Um AMOR chamado ROMA

Sempre me perguntam como vim parar na Itália. Por que escolhi Roma. Por que deixei o Brasil. Por que não Londres, Nova York, Paris? Por que não fiquei em São Paulo e pronto?

Um ano e pouco atrás eu estive em Roma com a minha mãe. Sentada em uma mesinha na rua – não digo calçada porque ela mal existe por aqui – eu disse:

–  Eu vou morar aqui.

Ela riu.

– É sério. Eu quero morar aqui. Eu VOU morar aqui.

Voltei para o Brasil com a idéia fixa na cabeça. O que faria em Roma sem falar italiano? Sem conhecer ninguém? Não sou mais criança para vir a Itália com a desculpa de aprender italiano. Tinha emprego e quase 30 anos nas costas.

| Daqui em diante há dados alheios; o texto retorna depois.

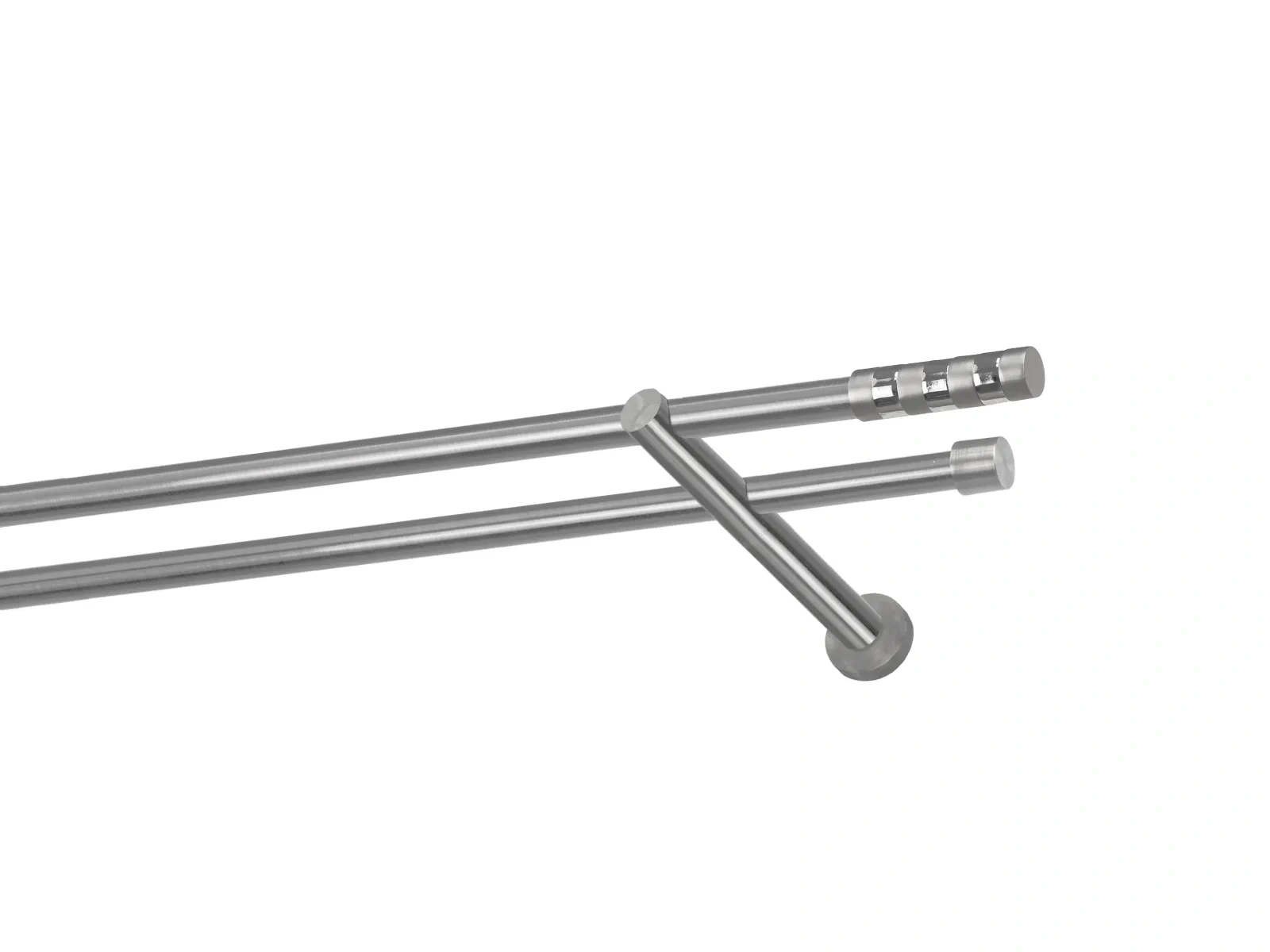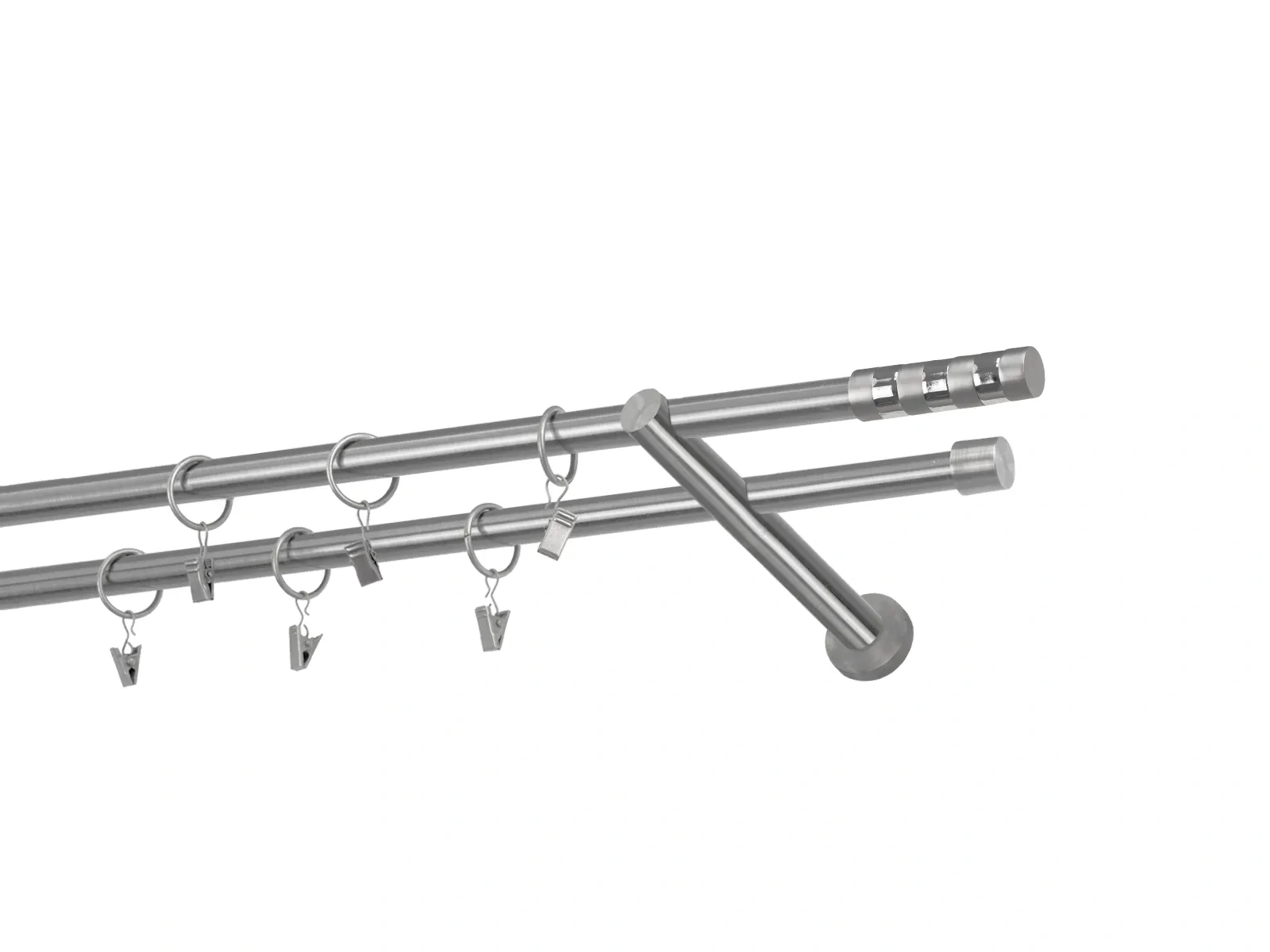 Dvouřadá garnýž s povrchovou úpravou - odstín satin (matné stříbro). Celokovová garnýž s kvalitní povrchovou úpravou - galvanické pokovování. Galvanické pokovování zabezpečuje vyšší povrchovou tvrdost, zvýšenú dolnost vůči poškrábání, hladký povrch. Dodávané jsou v kompletech.

Não dava para abandonar tudo naquele momento sem um propósito.

Bom, o primeiro problema tinha que ser resolvido, ou, ao menos, começar a ser solucionado. Quinze dias depois que pousei no Brasil, iniciei as aulas de italiano. Meu professor genovês easy going me ajudou a ter o primeiro contato com a língua de verdade e não ter medo de errar. “O que importa é se expressar”, ele dizia.

Sentei com meu chefe no escritório de advocacia e dividi meus sonhos, meus planos. Mostrei na internet que havia um mestrado em Roma que poderia ser interessante. E não é que ele também achou interessante?

Por incrível que pareça, em 6 meses eu estava morando em Roma. Meus amigos, meus pais, meus irmãos…eu sentia que ninguém acreditava que eu viria realmente. Cinco dias antes de embarcar meu pai me perguntou durante o almoço:

– Mas então você vai mesmo?

Chorei pela saudade que já sabia que sentiria. E disse:

– Eu vou. E não duvidem nunca mais de mim quando eu disser que farei algo.

E devo dizer: eles não duvidam mais mesmo.

A vida me ajudou, meu empenho também, e eu me lembrei como é ter um desafio, um sonho, uma paixão, e não medir esforços para alcançá-los. Fui aceita no mestrado, aluguei um apartamento, e a partir daí era oficial: eu vivo aqui.

Em Roma eu me sinto em casa. Sempre me senti. E foi por isso que fiz minha mãe rir naquele restaurantezinho quando expressei pela primeira vez esta vontade, dizendo que aqui poderia muito bem ser a minha casa. E eu nunca senti isso em nenhuma outra cidade no mundo que não fosse a minha própria.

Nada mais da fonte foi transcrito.